Optionally, the strut positioning unit includes a speed sensor, a GPS positioning circuit, and an LKJ data acquisition circuit disposed in the local power supply section of the railway; the LKJ data acquisition circuit is a train operation control recording device, and the data mainly comprises the geographic position information of locomotive operation and the train operation state; the GPS positioning circuit is used for acquiring the current position of the detection maintenance vehicle in real time; the speed sensor is used for acquiring and detecting the running speed of the maintenance vehicle.

Optionally, the detection and maintenance vehicle further comprises a cache module; the cache module comprises a first cache and a second cache; the first buffer and the second buffer are connected with the first communication module, and the first buffer and the second buffer are connected with the processor;

the first buffer and the second buffer are used for data transmission with the first communication module in a time-sharing mode, so that the first communication module can transmit the cached geometric parameter values and the comparison result to the second communication module;

the first buffer and the second buffer are used for carrying out data transmission with the processor in a time sharing mode so as to buffer the acquired geometric parameter values and the comparison result.

Optionally, the first communication module and/or the second communication module is one or more of a 4G/3G/2G communication circuit, a CDMA communication circuit, a GPRS communication circuit, a radio frequency circuit, a beidou communication circuit, a Zigbee wireless communication circuit, and an optical communication circuit.

Optionally, an alarm is arranged on the lifting and rotating operation platform; the alarm is in communication connection with the processor and is used for giving an alarm when the geometric parameter value exceeds a set range.

According to the technical scheme, the embodiment of the utility model provides a through setting up the detection tool car that contains first communication module and the remote control device who contains second communication module, remote server and host computer, detect the geometric parameters value of contact net and contrast by the detection tool car geometric parameters value and default to when the geometric parameters value surpasses the default, generate the contrast result, transmit above-mentioned geometric parameters value and contrast result for through first communication module second communication module; the remote control device receives the geometric parameter values and the comparison results through the second communication module and transmits the geometric parameter values and the comparison results to the remote server, and the upper computer is used for reading the geometric parameter values and the comparison results from the remote server and displaying the geometric parameter values and the comparison results so as to enable remote monitoring personnel to find problems and formulate a support scheme in time. Compared with the prior art, the embodiment of the utility model provides a can upload the remote control center in real time with the data that detect the tool car and gather on the spot, remote monitoring personnel read the witnessed inspections data in real time, in time formulate technical support scheme according to the field problem, reduce the time with field engineer discussion technical problem, can directly instruct field engineer to handle technical problem. Meanwhile, the number of field engineers can be reduced, and the detection efficiency of the contact network is improved.

Drawings

In order to more clearly illustrate the embodiments of the present invention or the technical solutions in the prior art, a brief description will be given below of the drawings required to be used in the description of the embodiments or the prior art, and it is obvious that the drawings in the following description are some embodiments of the present invention, and for those skilled in the art, other drawings can be obtained according to these drawings without creative efforts.

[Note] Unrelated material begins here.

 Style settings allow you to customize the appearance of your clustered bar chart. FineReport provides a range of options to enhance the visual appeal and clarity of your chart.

Fig. 1 is a block diagram of a remote data monitoring system suitable for a contact network detection maintenance car provided in an embodiment of the present invention;

FIG. 2 is a schematic view of the inspection and repair vehicle of FIG. 1;

fig. 3 is a schematic diagram of the detection principle in the embodiment of the present invention.

Detailed Description

In order to make the objects, technical solutions and advantages of the embodiments of the present invention clearer, the embodiments of the present invention will be clearly and completely described below with reference to the accompanying drawings in the embodiments of the present invention, and it is obvious that the described embodiments are some, but not all, embodiments of the present invention. Based on the embodiments in the present invention, all other embodiments obtained by a person skilled in the art without creative efforts belong to the protection scope of the present invention.

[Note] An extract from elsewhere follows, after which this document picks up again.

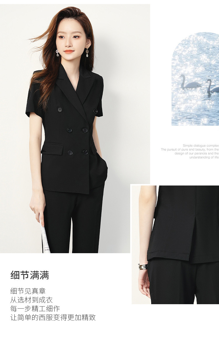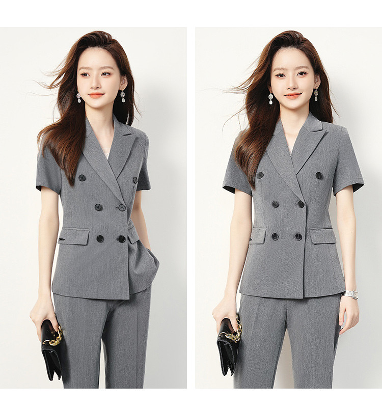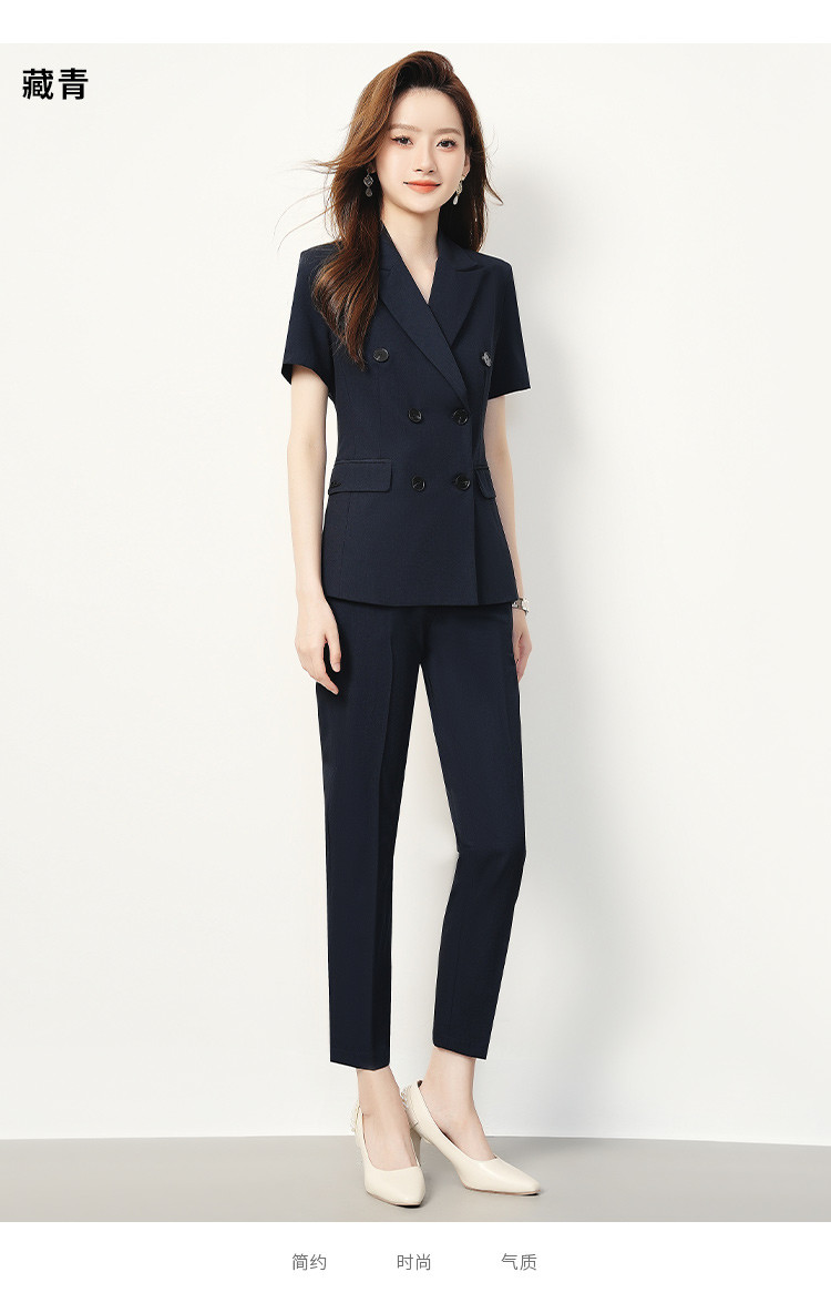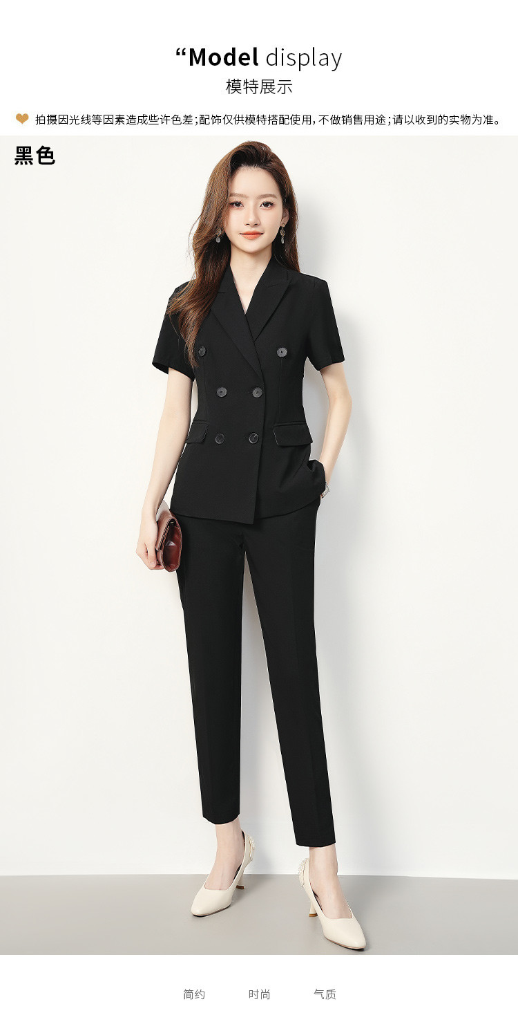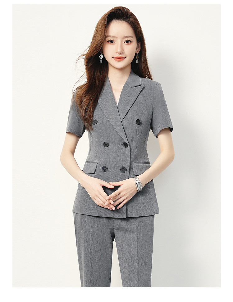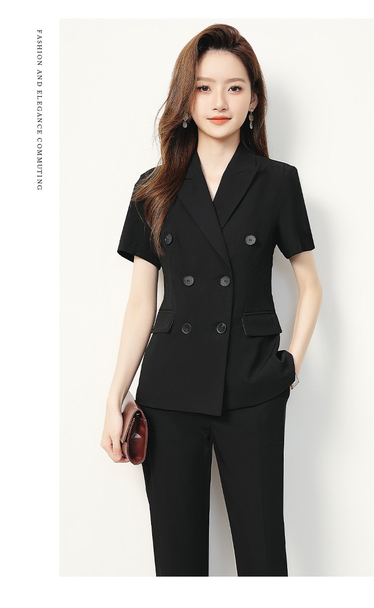 【双排扣短袖西服+长裤】罗蒙夏季女士套装商务时尚百搭两件套女
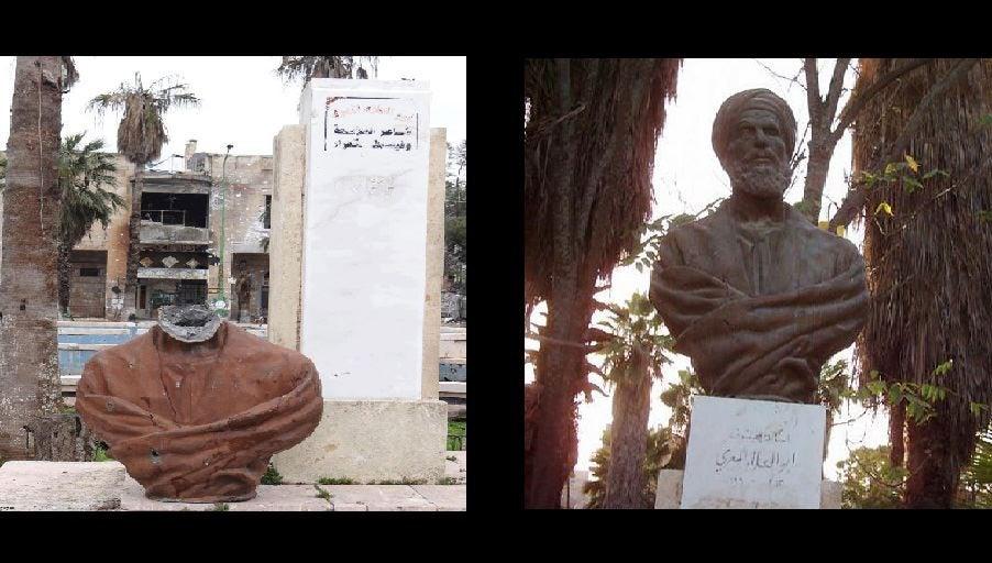 من الطريف أن جبهة النصرة التابعة لتنظيم القاعدة كان من أول ما قامت به عند دخول معرة النعمان مسقط رأس شيخنا المعري هو قطع رأس تمثاله الشهير ...

Fig. 1 shows a block diagram of a remote data monitoring system suitable for a catenary inspection and maintenance vehicle. Referring to fig. 1, the embodiment of the utility model provides a be suitable for contact net to detect remote data monitored control system of tool car, the system includes: the detection maintenance vehicle comprises a detection maintenance vehicle 1 comprising a first communication module 11 and a remote control device 2 comprising a second communication module 21, a remote server 22 and an upper computer 23; the second communication module 21 is in communication connection with the remote server 22, and the remote server 22 is in communication connection with the upper computer 23;

the detection maintenance vehicle 1 is configured to detect a geometric parameter value of the overhead line system, compare the geometric parameter value with a preset value, generate a comparison result when the geometric parameter value exceeds the preset value, and transmit the geometric parameter value and the comparison result to the second communication module 21 through the first communication module 11;

the remote control device 2 receives the geometric parameter values and the comparison results through the second communication module 21 and transmits the geometric parameter values and the comparison results to the remote server 22, and the upper computer 23 is used for reading the geometric parameter values and the comparison results from the remote server and displaying the geometric parameter values and the comparison results so that remote monitoring personnel can find problems and make support schemes in time.

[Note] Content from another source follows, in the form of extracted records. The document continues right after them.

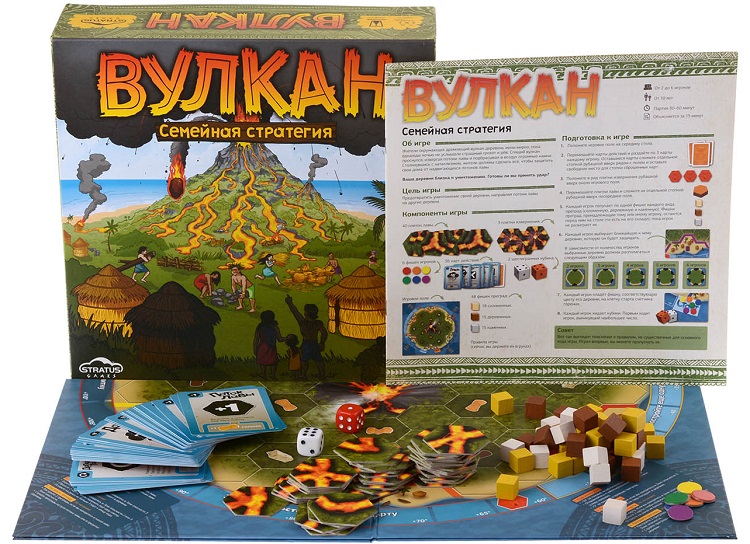 «Вулкан» - это локализованная издательством Magellan настольная игра Eruption (Извержение) от американской компании Stratus Games. Это классическая несложная стратегическая конкурентная игра, где каждый участник спасает собственную деревню от растекающейся вулканической лавы, направляя ее на деревни соперников.
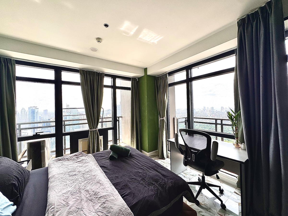 With 500MBPS WIFI in NEWLY Industrial stylish and classy AFFORDABLE AIRBNB condo at AIR RESIDENCES MAKATI the heart of Makati's business district. Enjoy city views from floor-to-ceiling windows, Netflix on a 60" TV, theres Nespresso machine with free coffee pods for you.The apartment features appliances, a hair dryer, electronic stove, iron, refrigerator, washing machine, toaster, microwave and shower with heater, a work/study area,highlight is the breathtaking view of high-rise buildings.
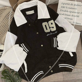 Áo khoác Bomber Jacket Nhung 2 lớp hình thêu chữ 09 unisex nam nữ (Ảnh thật/Có sẵn)
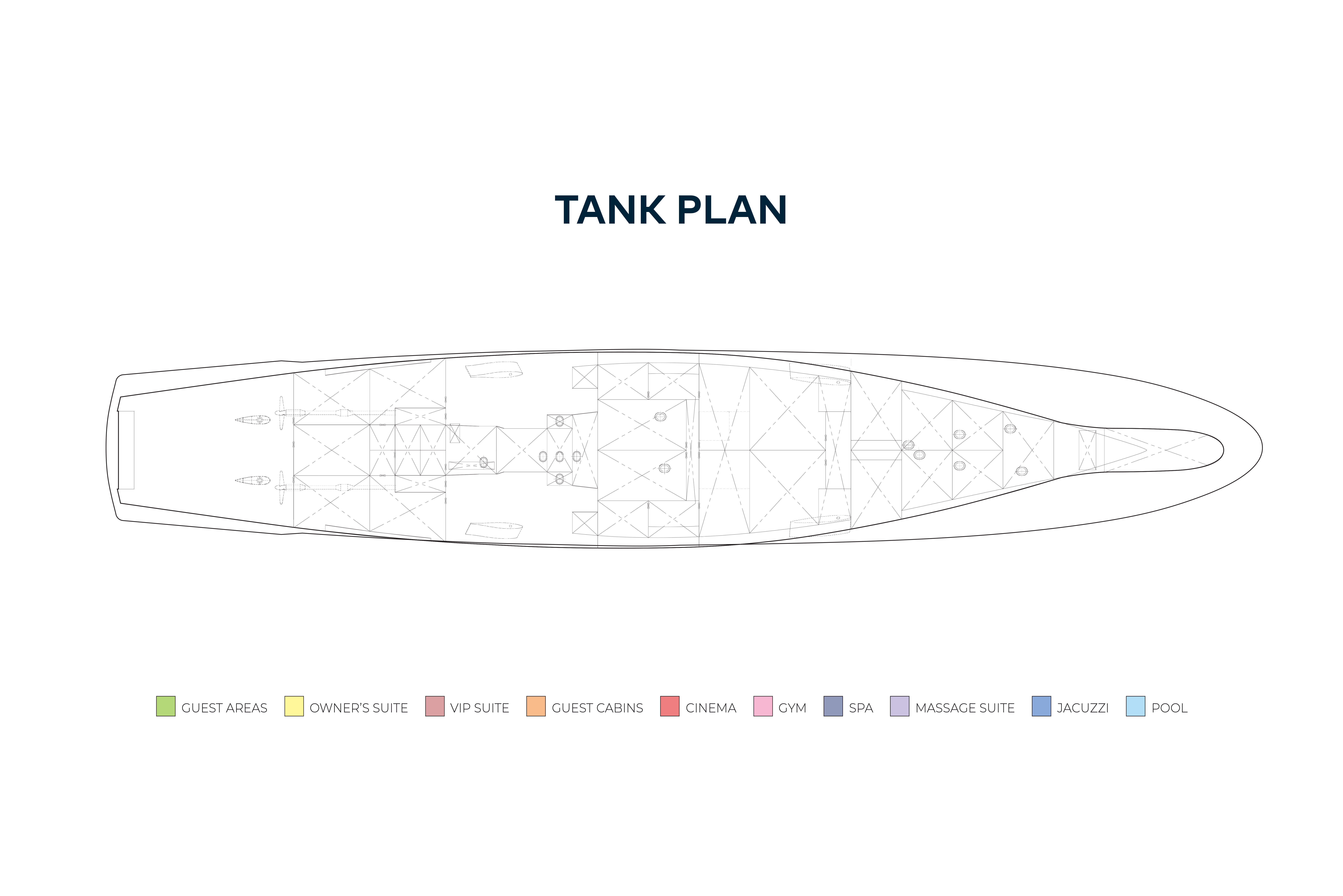 - Zero speed stabilisers to reduce any rolling motion while at anchor

It should be noted that, in the embodiment of the present invention, the first communication module 11 and the second communication module 21 adopt one or more combinations of a 4G/3G/2G communication circuit, a CDMA communication circuit, a GPRS communication circuit, a radio frequency circuit, a beidou communication circuit, a Zigbee wireless communication circuit and an optical communication circuit. For example, in an embodiment of the present invention, a 4G/3G/2G communication circuit is selected for implementation. The technical personnel in the field can select suitable communication circuit according to concrete use scene actual conditions, for example detect the distance between tool car and the remote monitoring device, detect the actual service environment of tool car, the utility model discloses do not do the restriction.

It should be noted that the above geometric parameters include lead height, pull-out value, catenary contact line height difference, line fork 500, adjacent positioning point height difference, adjacent dropper point height difference, and adjacent strut span; different data type identifications are correspondingly arranged on different geometric parameters. The number of geometric parameters can be adjusted by those skilled in the art according to actual needs, and the present invention is not limited.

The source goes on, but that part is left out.